[Opening Provided material section]
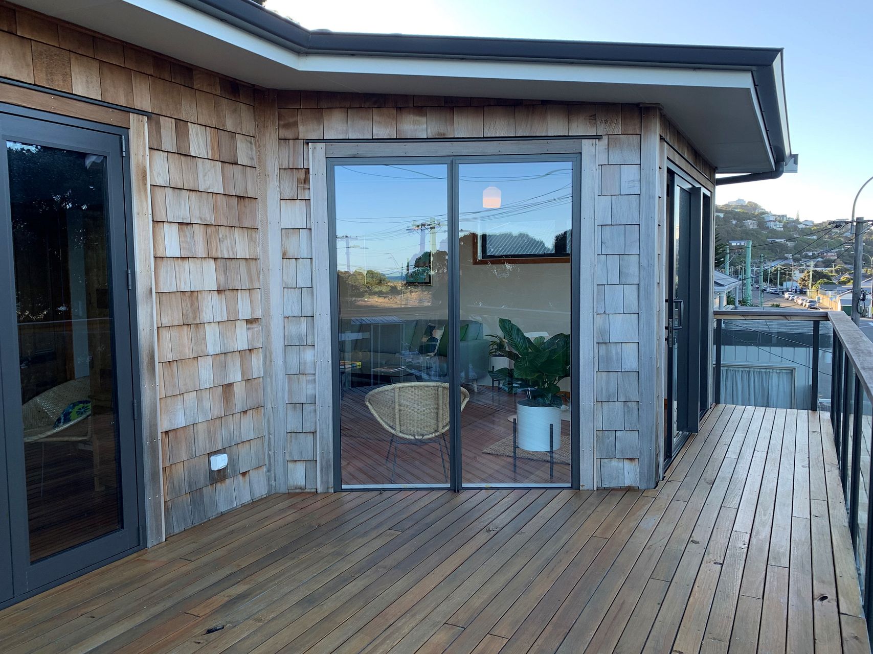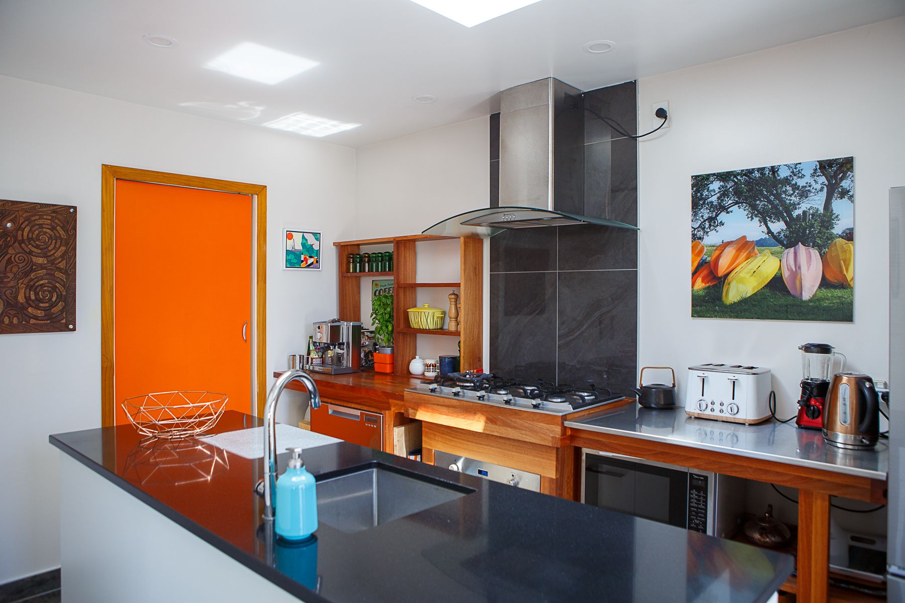 Our fully furnished seaside holiday home on the scenic south coast (and bus route), bathes in sunshine alongside and very near the picturesque Lyall Bay beach. The City Centre and Hospital are close, with shops, galleries, cafes, restaurants and bars all at walking distance. From the more rustic upper landing you can enjoy wow factor views across the entire beach, over our Airport and out to the Cook Strait.
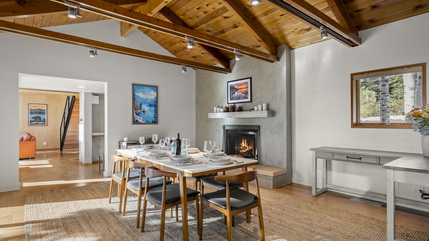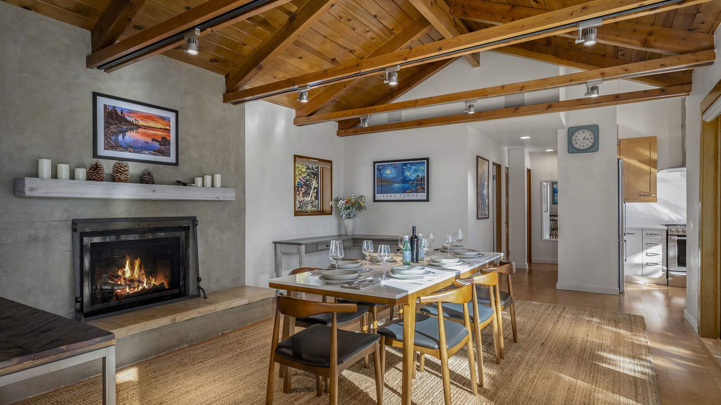 A fireplace is the heart of the room, casting a warm glow as you enjoy a meal at the table for eight.
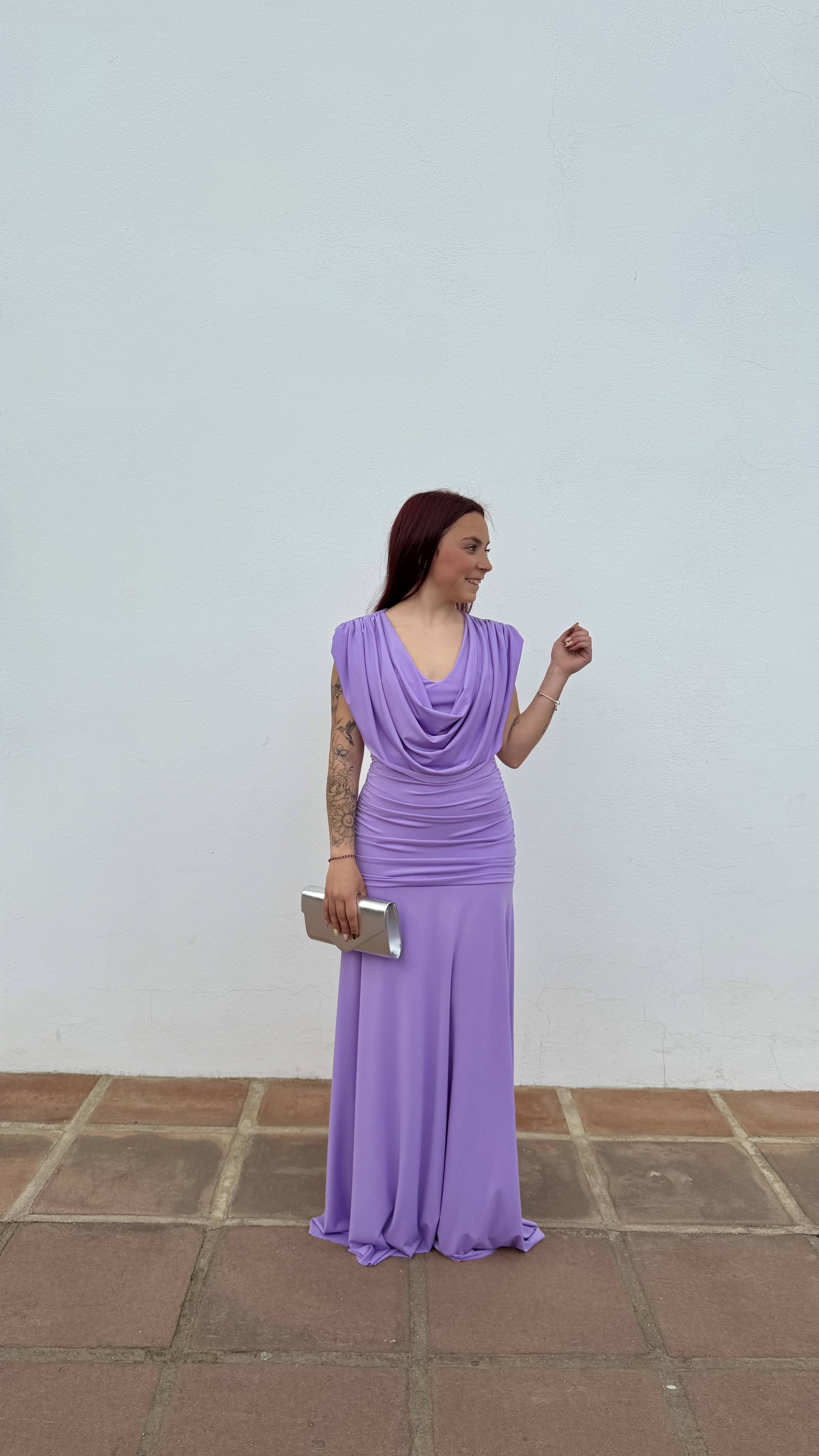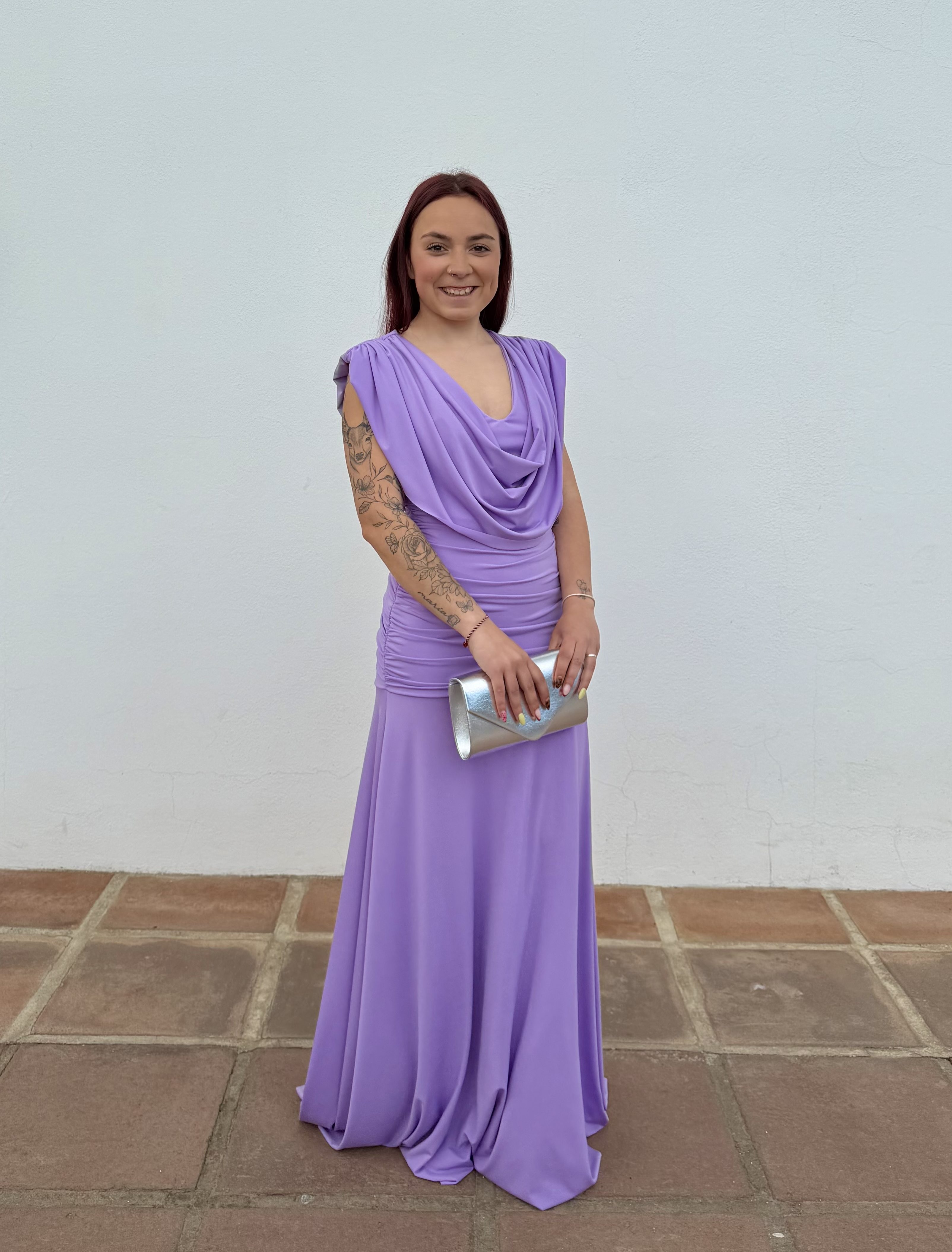 Vestido cuello caído - Lila
[Closing Provided material section]
Pictures aside, reproduce exactly the lines from the one containing "A fireplace is" to the end of the listing above, both ends included.

 A fireplace is the heart of the room, casting a warm glow as you enjoy a meal at the table for eight.
 Vestido cuello caído - Lila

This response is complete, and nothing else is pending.